Wow, thanks a lot! This is beginning to make sense, will try it asap.


----------



## grammo8 (Nov 23, 2006)

Ah yes, it does work now. 

But what do I do if I decide to add stuff around this centered image, or on top/bottom of the page etc?


----------



## grammo8 (Nov 23, 2006)

Ah yes, it does work now. 

But what do I do if I decide to add stuff around this centered image, or on top/bottom of the page etc?


----------



## Eriksrocks (Aug 7, 2005)

You would probably have to use absolute positioning for them as well. Or, you could put everything you want around the centered image into another div, and center that one as well.


----------



## grammo8 (Nov 23, 2006)

So, I would put the other content into other divs inside the same container as the first, centered image? I mean, in order to fix all the elements to eachother? 

I tried to put stuff into separate containers, which is fine as long as you don't resize the window. But then everything starts kind of overlapping when I make the window smaller, which looks very crappy. 
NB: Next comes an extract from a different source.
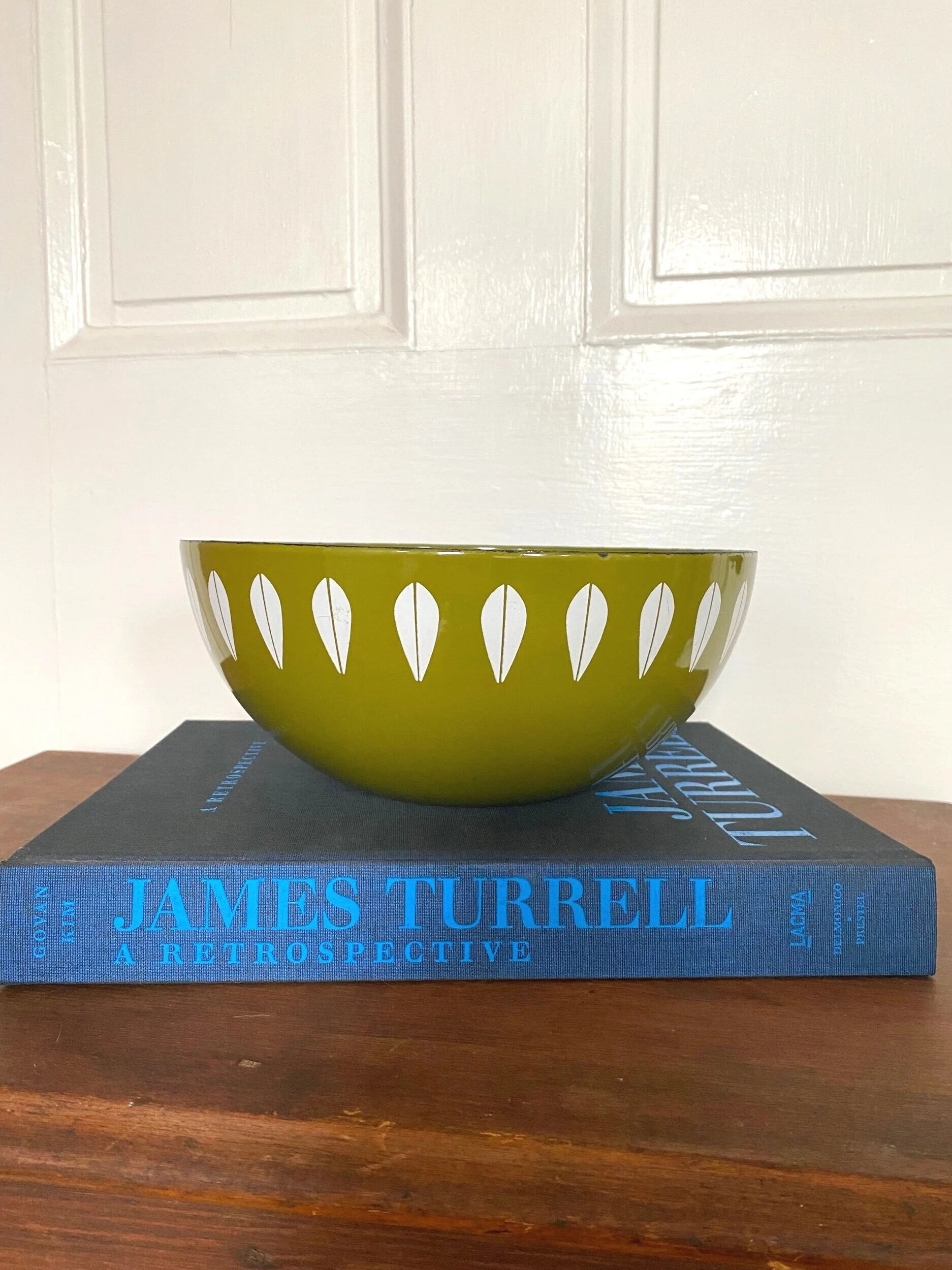Iconic and highly collectible Catherineholm of Norway enamel “lotus” bowl (circa 1950). Olive green hue with white lotus design. Signature on the base is still visible. Great vintage condition, with some minor wear along rim and scuffing on base, as pictured.

Man, this is all pretty frustrating for someone who is used to print design...


----------



## Eriksrocks (Aug 7, 2005)

Yes, there's probably not one specific solution. It depends on what kind of content you have. I would recommend learning CSS because it will help you a lot.


----------



## tomdkat (May 6, 2006)

Eriksrocks said:


> That will only center the image vertically.
> 
> Here is the code you should be using:
> 
> ...


I've been looking for this info as well! :up:

Thanks!

Peace...


----------